Quienes saben de salud animal aseguran que Colombia debe potenciar con celeridad su sector ganadero porque en materia de oferta cárnica hay un déficit considerable si se tiene en cuenta la demanda creciente de proteína vacuna. Todo lo anterior apunta a que los ganaderos deben adoptar nuevos sistemas de producción y levante, pero básicamente en todo lo concerniente al ciclo reproductivo.

Diariolaeconomia.com, habló con el Gerente General de la americana de farmacia Merck Sharp & Dohme, MSD, salud animal Colombia y Ecuador, Rui Nobrega, quien sostuvo que la prevención de enfermedades será vital en el buen ejercicio económico de los hatos, en la rentabilidad y en el perentorio aumento de nacimientos que se hace más apremiante por la necesidad visible de carne en el mundo.

El experto comentó que la ganadería está llamada a mejorar sus indicadores pues en 2018 el sector generó ingresos por valor de 6.7 billones de pesos, básicamente por la puesta en los mercados de carne bovina lo cual representa el 1.6 por ciento del producto interno bruto, PIB. Agregó que la actividad ganadera tiene un alto impacto social habida cuenta que genera 926.000 empleos.

El año anterior Colombia produjo 772.501 toneladas de carne y unos 19 millones de litros de leche.

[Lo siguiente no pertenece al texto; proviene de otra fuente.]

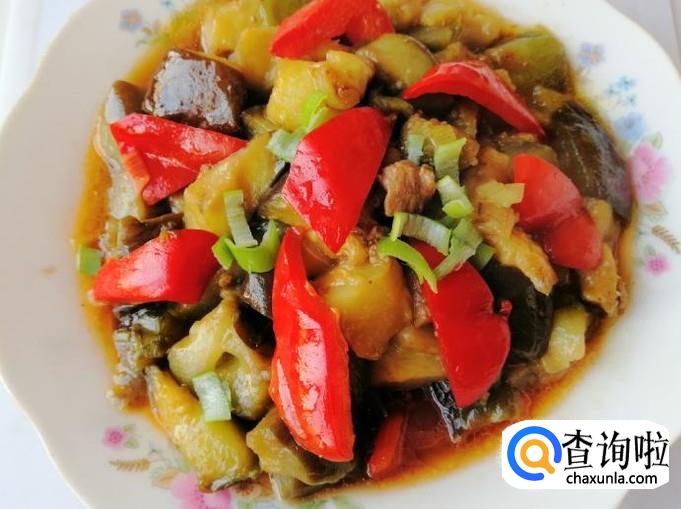 圆茄子一个,红色菜椒一个,适量葱和干红辣椒,适量熟肉,生抽、食盐适量

Frente a esta realidad y tendencia la idea es que el sector ganadero aumente considerablemente la producción, amplíe sus exportaciones de ganado en pie, carne y leche con lo cual le dará mayor musculatura a la economía sectorial y a la riqueza del país sobre pilares de mejores ingresos.

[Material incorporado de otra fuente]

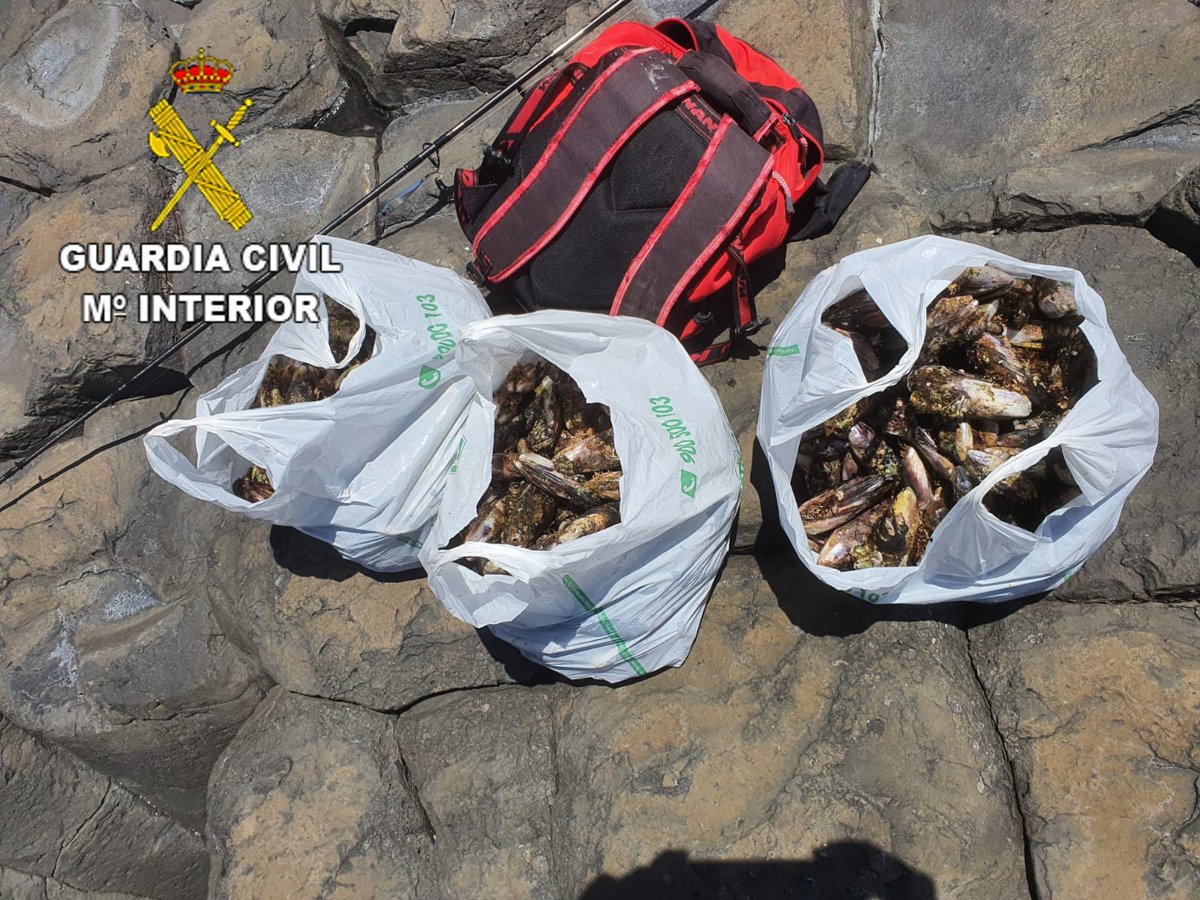 La Guardia Civil de Fuerteventura ha denunciado el 24 de marzo a una persona, con antecedentes por los mismos hechos, por capturar 2,3 kilogramos de mejillón --que está prohibido durante todo el año-- y 4,5 kilogramos de lapas --actualmente prohibida su captura-- en el municipio de la Oliva.

“En MSD salud animal tenemos claro que somos un laboratorio muy comprometido con el desarrollo de Colombia y con el fortalecimiento de su sector agropecuario y es por eso que la marca sigue desarrollando estrategias transformadoras de educación científica para aumentar las tasas de reproducción bovina, desde luego haciendo hincapié en la prevención de enfermedades. En tal sentido, absolutamente todos los actores de la cadena productiva deben estar involucrados en el ciclo reproductivo de los animales, igual deben estar muy enterados de prevención, inclusive desde antes de la concepción del embrión hasta la siguiente reproducción para incrementar la tasa de neonatos sanos y con ello mejorar los ingresos del sector”, declaró el señor Nobrega.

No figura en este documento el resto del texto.